Though mentors have become more common, Gen Z has less access to mentoring resources

If it weren’t for his mentor, Kevin Villanueva, 19, says he may not have overcome all the necessary hurdles to getting into the prestigious business college of his dreams.

His mentor, Cal Mullan, entered his life at just the right time in 2019 – on the eve of the pandemic – as Villanueva, then 16, was gearing up for what he would discover to be a daunting college admissions process. The scholarship applications and personal statements and deadlines, not to mention the mental health toll of it all.

“It honestly was so nice to have someone by my side, to kind of relieve all that stress and take some of that off my plate,” said Villanueva, who grew up in New York City and is the first in his family to attend college. Now a sophomore marketing major at Babson College in Wellesley, Massachusetts, Villanueva continues to talk with Mullan on a near-daily basis. Mullan is in investment banking, and Villanueva often practices entrepreneurial pitches in front of him.

"My mentor has helped me out a lot being so far away from home, not knowing anyone in college being first-generation."

Over the past half-century or so, mentoring has become significantly more common. Yet that trend appears to have stalled in recent years, revealing yet another impact of the COVID-19 pandemic and other societal shifts on today’s young adults.

MENTOR, a national nonprofit that advocates and provides resources for mentoring, recently studied trends in mentorship over time, providing the results exclusively to USA TODAY.

Here’s an overview of some of the findings.

Learning loss: Gap between low- and high-performers grew during COVID

Who gets to be mentored?

Kevin Villanueva with his mom at his high school graduation.
Kevin Villanueva with his mom at his high school graduation.

Today's younger generations report higher rates of mentoring than older ones. Fifty-six percent of all adults say they had a mentor, compared with 66% of those under 40. The trend is primarily thanks to an increase in programs that facilitate formal mentoring relationships.

Because those programs have largely focused on low-income students of color, mentorship rates have seen significant growth in those communities. According to the report, these “are increasingly reaching youth who have experienced the highest number of adverse life experiences."

Yet overall, the report notes, ​​mentoring relationships – especially those that occur naturally, such as that with a camp counselor – remain "considerably more prevalent among youth growing up in wealthier households."
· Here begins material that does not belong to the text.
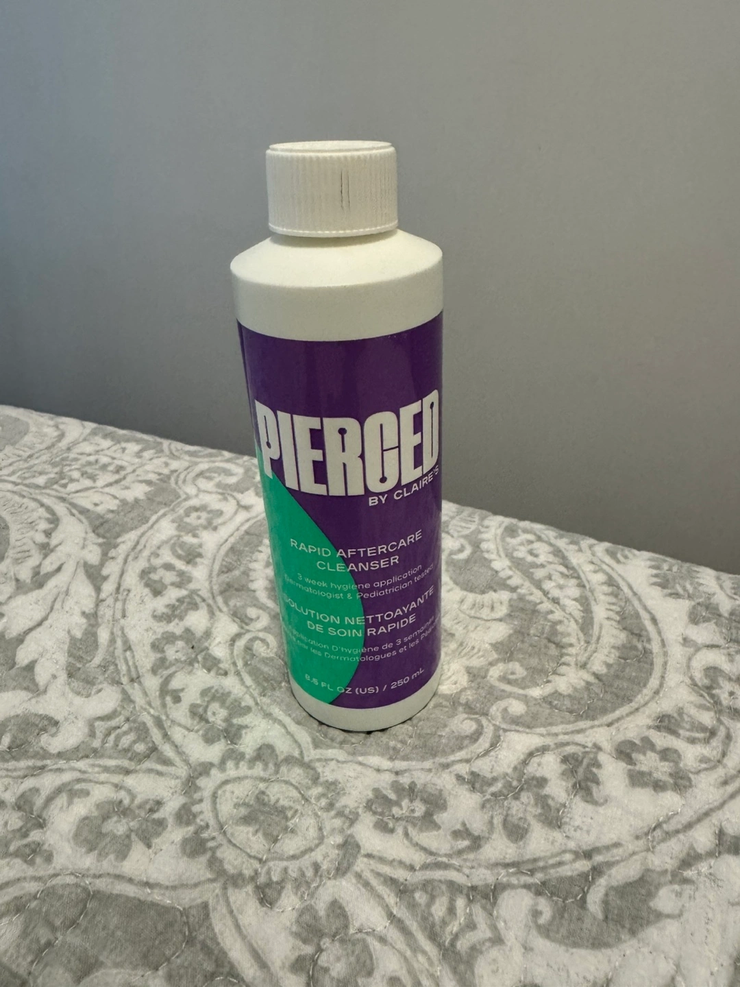 Selling Claire's Pierced Rapid Aftercare Cleanser. It's a 3-week hygiene application to promote fast & effective skin recovery. The expiration date is August 2025. It's a 8.4 FL OZ (US) / 250 mL bottle Retails for 25$

Opinion: Girls Inc. relies on mentoring to help develop a next generation of women leaders

What does mentoring look like for Gen Z?

A similar study conducted a decade ago found that one in three young people were growing up without a mentor. Given other signs of progress on the equity and programmatic front, researchers sought out to see whether that gap has closed.

But among Gen Z, particularly its youngest members (those ages 18-21), the presence of mentors appears to have declined.

Prevalence of having had a mentor while growing up, by generational cohort
Prevalence of having had a mentor while growing up, by generational cohort

Recent years have seen a noticeable uptick in youth reporting they've had no mentor at all. Young people now 18-21 are 5 percentage points more likely than slightly older members of Gen Z to say they haven't had a mentor.

One striking data point for Native Americans, who used to have some of the highest rates of mentorship: 43% of Gen Z tribal youth say they've had no mentor. "Within a generation," the study says, "Native Americans have gone from one of the groups most likely to have had mentors to the group least likely to report them."

Online or in-person? Gen Z and millennials find digital life more memorable, study shows

How did the pandemic affect mentoring?

The pandemic put most mentoring programs on hold for at least some time and limited participants' ability to meet in person. Typically, mentors have met with mentees in settings such as schools, workplaces and after-school programs and other clubs.

But COVID isn't entirely responsible for the drop-off, the report suggests. The trend started emerging before the pandemic, it notes, citing economic and racial divides and shifting barriers to mentoring as possible reasons.

Either way, advocates say the need for mentorship has never been greater. A majority – roughly two in three – of 18- to 21-year-olds say they can recall times they wished they had a mentor but didn’t, compared with smaller majorities of millennials and Gen-X members.

Youth mental health: US schools failing in fight against crisis, report card finds

Rates of anxiety and depression among young people have surged in the years leading up to and since the pandemic's onset.

Villanueva, who was paired with Mullan through a program called iMentor, hopes progress on efforts to expand mentoring resumes.

"Every young teenager, young adult needs someone in their life to look up to," he said. "Many kids from the Bronx (like me) often don't have a role model to look up to, or they don't have someone who has gone to college. And oftentimes, all it takes is exposure ... to have those ambitions, to have those dreams."